LW: I think the firms that figure out how to reuse their skills are going to be a lot better off than those that do not. For AI to work really well, you have to understand the industry context. Blindly applying AI to an industry will not solve its problems. AI requires humans in the loop, so using workers with deep industry experience to a new purpose that complements AI would be the right thing to do, as opposed to getting rid of them and then later figuring out that while the tasks they used to do are obsolete, the knowledge they have is very valuable and should have been deployed elsewhere. Managers and executives need to identify these workers and begin retraining them, while also understanding that certain positions will become obsolete.

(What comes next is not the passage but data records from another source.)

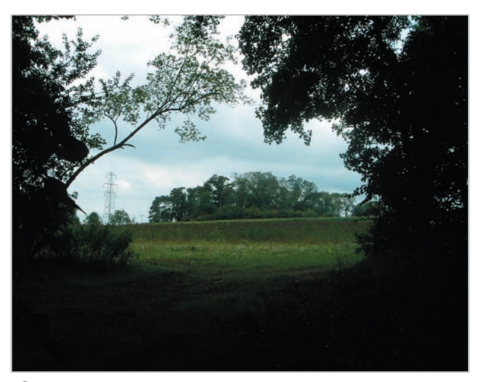
Open views glimpsed through the woodland.
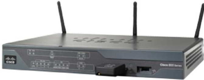
Figure 1. Cisco 880G Series 3G Wireless Integrated Services Routers

With enhanced data rates and improved latency (below 100 milliseconds), WWAN services are an ideal way to supplement traditional wire line services. 3G WWAN data services offered today have average data rates well in excess of ISDN speeds, with theoretical limits in excess of 7 Mbps on the downlink and 5 Mbps on the uplink. The 3G WWAN can be use as a primary link for sites with lower bandwidth requirements and for mobile applications. The 3G WWAN data services can also be use as a cost-effective alternative in areas where broadband services are either not available or very expensive. Cisco is building on these performance milestones and adding support for wireless to our wide variety of WAN interface alternatives.
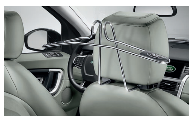
Coat Hanger VPLCS0276

Designed to take a wide range of compact umbrellas, this product fits discretely under the front passenger seat.
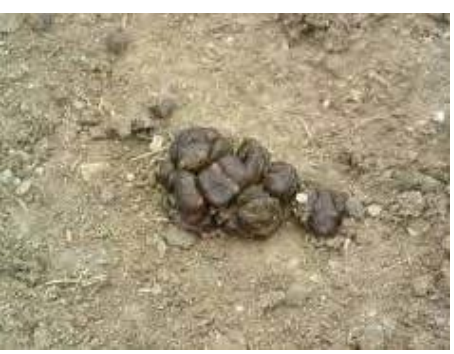
Figure 1-2 - Faecal consistency score 2 – thick manure
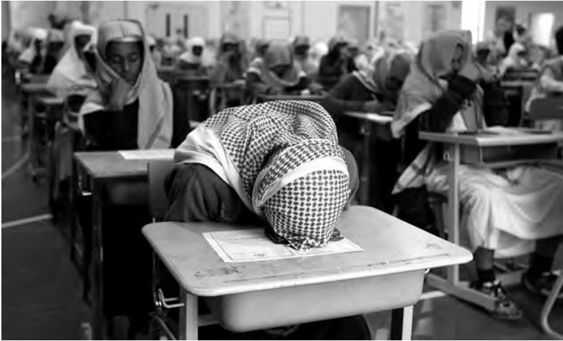
Students sit for an exam in a government school in Riyadh

I decided to explore this observation in my focused interviews for this report. Responses from both youths and educators led me to the conclusion that youthful ennui is a real phenomenon, and that the education system itself contributes to it because students find classes dull or irrelevant, and are given few opportunities for self-expression through extracurricular activities such as elected student councils.
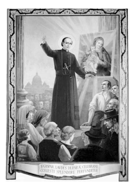
Canonization banner of St. Gaspar del Bufalo.
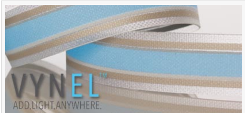
Add Light. Anywhere

Future Illuminations was launched in response to demand for customers wanting to #AddLightAnywhere and plans to refine their inverter line for every market, including bluetooth functionality and DMX integration over the next 12 months.
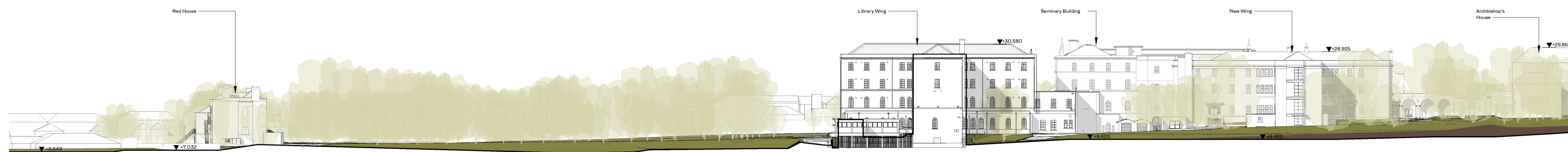
3 Section C-C - East West Road Existing 1 : 500
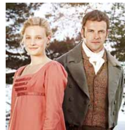
Masterpiece Classic: Emma

7:00 ANTIQUES ROADSHOW «Atlantic City» (Hour Three)-A fanciful circa 1900 folk art sculpture; a 1934 New York Yankees team-signed baseball; and an early 20th-century painting by George Bellows. 8:00 THE BOMBING OF GERMANY: AMERICAN EXPERIENCE

In terms of top performers, we have to think about how LLMs can help them to do even higher function tasks. When it comes to this kind of type of work, you have to think more creatively. What do these top performers need to do even better than before? That’s not clear, but we need to start imagining the type of work they could do to add more value than before.

I like to use software engineering as an example because I know that industry really well. They don’t need to use LLMs to be better coders, because they are already amazing. But what they can do is use them to be a better designer of software. LLMs can free up the time they spent on coding so they can do something even more valuable, like algorithm and system design.

W@W: We’ve talked about what AI can do and the types of jobs it will transform or replace. But what can’t it do, at least right now?

LW: AI, even generative AI, is still solving a very narrow class of problems called supervised learning or self-supervised learning. What that means is you must have both an input and an output to train the AI algorithm. AI can recognize cats better than the humans can, because we have inputted a bunch of photos of cats and then labeled them as cat, which is the output. You must give lots of examples, real input and output, in order for AI to be good at it.

But the most difficult problems in the world do not have an output, so they cannot be solved yet. I don't want to diminish the huge impact on our lives that AI is having. But I do want to remind people that of all the problems we have in the world, the ones we can solve with AI are just a sliver.

Solving the next class of problems is where the most value is going to be. In the meantime, we need to think about re-organization of work. And that doesn’t necessarily require more education, as we observe middle-skilled work is diminishing.  But it does mean new training and skill acquisition so workers can use AI tools effectively.